Mary’s Men

25 Mar 2013

By The Record

The French town of La Valla, where St Marcellin Champagnat began his first community of religious brother-teachers. PHOTO: Paul Maughan

By Hugh Ryan

This week’s article is the second in a series looking back over the WA Marist Brothers’ century.

Brother Sebastian Hayden, who had helped Br Stanislaus to establish SIC in 1913-1916, returned as principal in 1929-31. NZ-born, he was trained in Sydney and spent the rest of his life in Australia.

He was a prefect at St Joseph’s and not long afterwards he returned to spend ten years as a tower of strength as a teacher and Master of Discipline. He was in charge of rowing and GPS rugby and St Joseph’s were premiers 1904-07.

He taught at St Mary’s 1909-10 and then went to Mittagong where he supervised the construction of the Senior Brothers’ house before going to New Norcia in 1913.

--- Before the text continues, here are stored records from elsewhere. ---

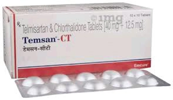 Temsan-CT 40 Tablet is a combination of two medicines that helps keep the blood pressure under control. The medicine works by reducing the risk of strokes and myocardial infarction (heart attack), thereby treating hypertension (high blood pressure).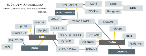 「KDDIの目はヒルズからヒカリエに移っているかもしれない」なんて妄想したり ※クリックすると大きな画像が。「グリーとヤフーがソシャゲの会社作るなんて、最近仲良いな。」なんて思っていたのですが、翌日ドドンとビッグニュースが。KDDI:保有するグリー株の半数売却へ、発行済みの3.4% (ブルームバーグ)グリー躍進のきっかけとなったKDDIとの資本業務提携から6年半。Kei Nishiyamaさんのツイートによると「KDDIのグリー株取得価格は364百万円。半分の800万株を今日の終値1154円で売ると約90億円の利益か…」とのこと。とは言え2006年の提携はお互いにとってどちらも大きな利益をあげる事ができたので最高の戦略だったでしょうね。しかし、今回の一件をタイムラインで見ると、2月12日:KDDI、大和証券とグリー株の売買委託契約(発行済み総数の3.4%)2月12日:グリー、第2四半期決算発表2月18日:グリー、自社株買い(発行済み総数の1%を上限)発表2月18日:グリー、ヤフーと共同会社設立発表2月19日:KDDI、グリー株売却の方針を発表・・・これはさすがにKDDIしたたかだなぁと。オトナだなぁと。でもオトナと言えばヤフーですよ。今回の件は携帯キャリア同士の勢力争いにも見えなくもないけど、ソフトバンクグループのヤフーはKDDIが大株主のグリーともdocomoと提携しているDeNAとも提携している。過日の英国のような振る舞いにも見えるけど、最終的にSBの利益の為に動くわけで、グリーをSB陣営に取り込む方向に動いているのかもしれない。そうなったらそれはそれでKDDI陣営はネガティブな影響が出そうなので、全株売らないで、半分取っておくって感じでしょうか。(妄想終わり)そして、改めてソフトバンクの強大さを感じたわけです。業績もそうですが、株価も爆騰中のガンホーの株の33%を保有しているのはソフトバンク(BB)・・・。ちょっと株価が上がり過ぎな気もしますけど(サイプロさんもこんなエントリーを「ガンホー(パズドラ)の時価総額がグリーより高いのは正直おかしいと思う」)株価ってよくわからないので、しばらく眺めていたいと思います。今回、相関図を少しいじってみましたが、KDDIはNHN方面と提携しそうな予感がしてなりません。SB、 docomoが手をつけていて、KDDIがまだ手をつけてない分野をNHNはカバーする。最も飛ぶ鳥を落とすNHNがどこか特定のとこと組むかはわからないけど。そしてdocomoはついにiPhoneを!?【追記】LINEの舛田さんに「妄想だ!」とFBで言われたので、妄想かもしれません<タイトル--------------【関連してそうなエントリー】・巷では「ガン砲」と言うらしい"パズドラ"ガンホーの超絶決算とラグナロクの健闘・【追記・タイトル修正】ドコモ→マガシーク、楽天→スタイライフをそれぞれTOBでファッションEC界隈が再編・docomoの事業領域から次の買収先を妄想したり・マガシーク、スタイライフ、スタートトゥデイを比較して改めてZOZOの強さを知った夜 http://takanoridayo.blog.shinobi.jp/Entry/109/「KDDIの目はヒルズからヒカリエに移っているかもしれない」なんて妄想したり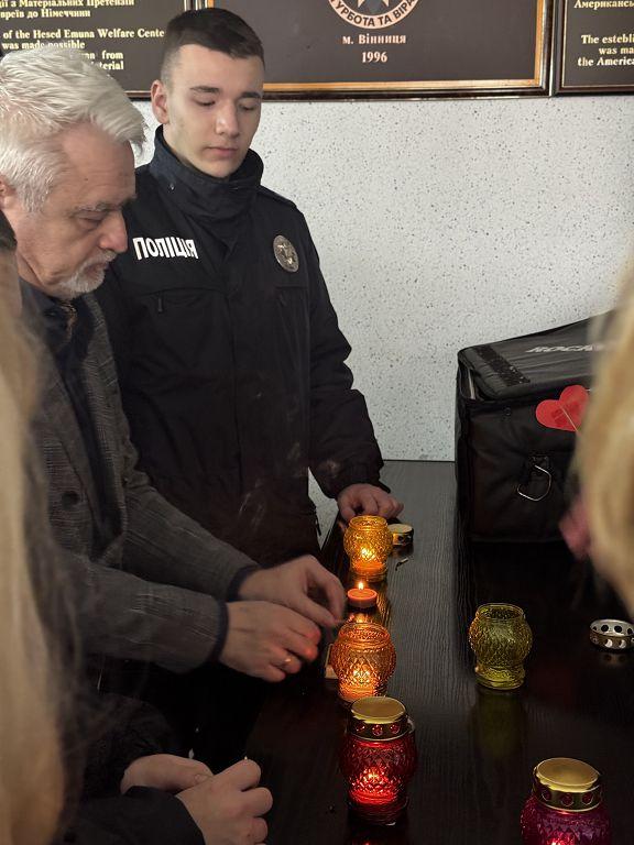 Завершенням зустрічі стала символічна акція запалювання свічок пам’яті та хвилина мовчання на вшанування мільйонів безневинних жертв Голокосту.

His last long appointment after his second period at SIC was to Assumption College, Kilmore where he managed the accounts, the farm, the servants and the material needs of the Brothers and boys. A man of commanding presence and a gifted speaker, he was an adviser to several Provincials.

He died at Assumption College at the age of 75 on the feast of the Immaculate Heart of Mary in 1948.

Br Brendan Hill had a distinguished career as principal in various colleges in New Zealand, Victoria, South Australia and New South Wales before he was appointed Provincial in 1925.

During his term as Provincial, he opened the Brothers’ first two schools in Queensland and seven others in New South Wales, Victoria and South Australia. At the end of his term as Provincial he was appointed Principal at SIC from 1932-34.

He died in 1962 at the age of 92 after 77 years as a Marist Brother, and was the first Brother buried at Macedon, just 10 miles from his birthplace at Woodend, and later reinterred at Kilmore.

Br Placid Gilchrist succeeded Br Brendan from 1935-39. Born in Sydney in 1874, he received the religious habit in 1892.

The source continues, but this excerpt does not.